Give the value model enough tool-step budget to explore and verify the map before reporting.
Add deterministic validator/repair.
Keep deterministic report generation only as fallback.

Acceptance:

The normal report path is model-authored and validator-approved.
Invalid model reports degrade to low-confidence targeted guidance rather than broad search.

Phase 5: Main Prompt Tightening

Keep main-model trust guidance, but make it depend on validator-approved reports.
Tell the main model that validated high/medium reports should be treated as the code map.
Keep re-search allowed only when:
- confidence is low;
- validator reported missing coverage;
- user asks for exact code edits and validated read targets must be opened.

Acceptance:

High/medium reports reduce main broad search calls on held-out tasks.

Phase 6: Held-Out Benchmark

Add held-out repos/tasks before further tuning.
Run known and held-out suites with repeats >= 3.
Report density and generalization metrics together.

Acceptance:

Held-out quality does not regress.
Main uncached/cached context decreases on median.
Follow-up broad search after high/medium reports decreases.

Risks

Short-term benchmark scores may drop when memorized path boosts are deleted.
Model-authored reports may need validator repair more often at first.
Unit tests will require significant rebaselining because many currently encode overfit behavior.
Typed observation plumbing touches tool/report boundaries and needs focused test coverage.

These risks are acceptable.
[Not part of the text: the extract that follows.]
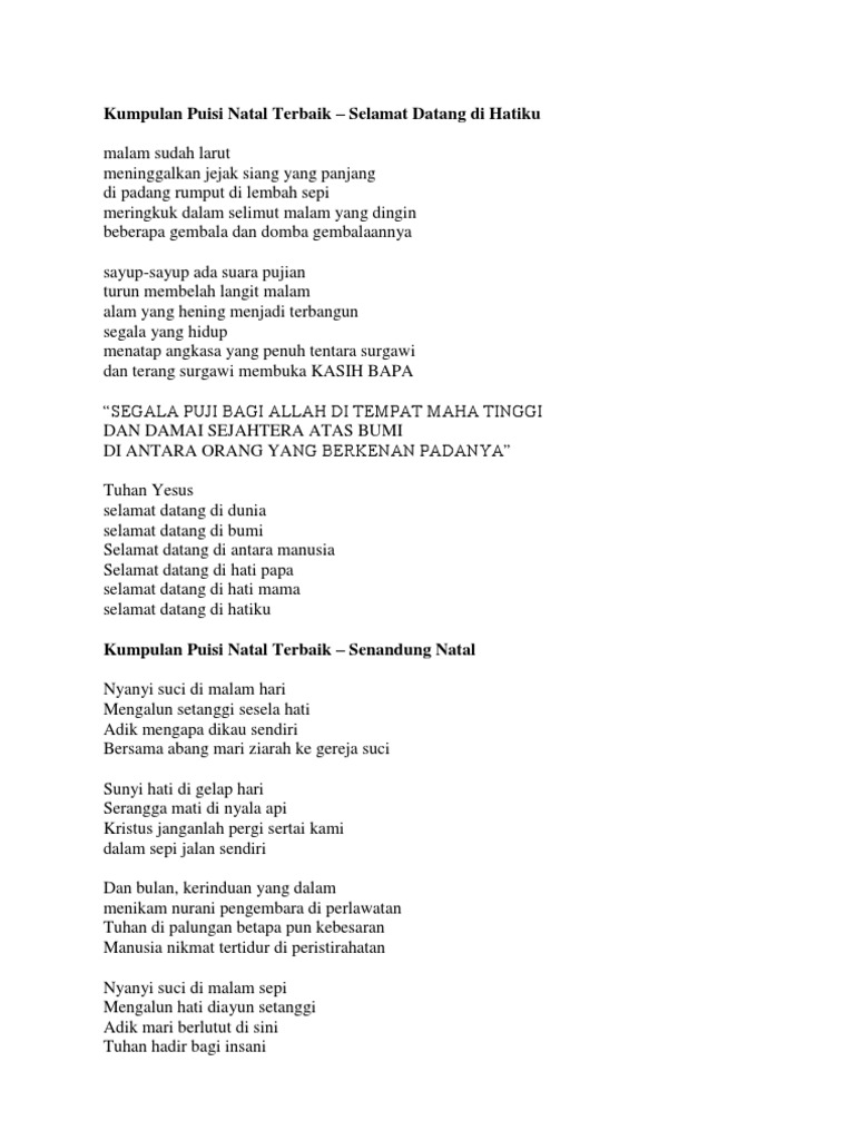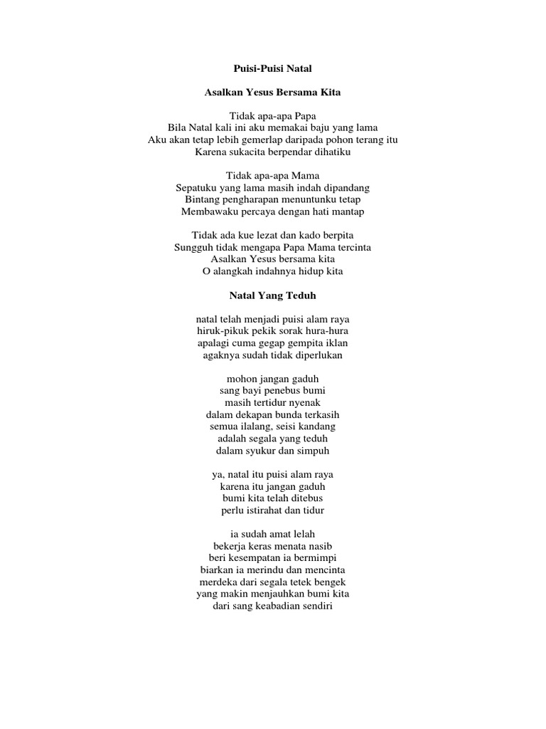 Kerjasama Negara Indonesia dengan Negara Lain. Oct 25 2014 Puisi natal creativege des sebuah puisi sekolah bersih puisi lamaku berjudul heaven aplaud yang kuubahkan kembali menjadi guru sekolah minggu mencari puisi yang menyentuh kumpulan drama dan puisi natal bpk gunung mulia pertunjukan natal bisa dijadikan pilihan baik itu pertunjukan drama maupun pembacaan puisi natal anak anak sekolah minggu remaja pemuda bahkan puisi natal. Pohon Natal yang sama dengan tahun-tahun lalu Mengingatkan sang Juru Selamat telah tiba.

The current alternative is a code explorer that looks good on its own benchmark and becomes less trustworthy as it accumulates special cases.

Immediate Next Step

Start with Phase 1 and Phase 2 together:

delete domain-specific scorer branches and benchmark augmentation probes;
replace exact-path tests with generic invariant tests;
introduce typed candidates so the next phase can remove Markdown parsing cleanly.

Do not add new benchmark-specific compensating heuristics if scores dip. A dip is signal that the benchmark was being memorized.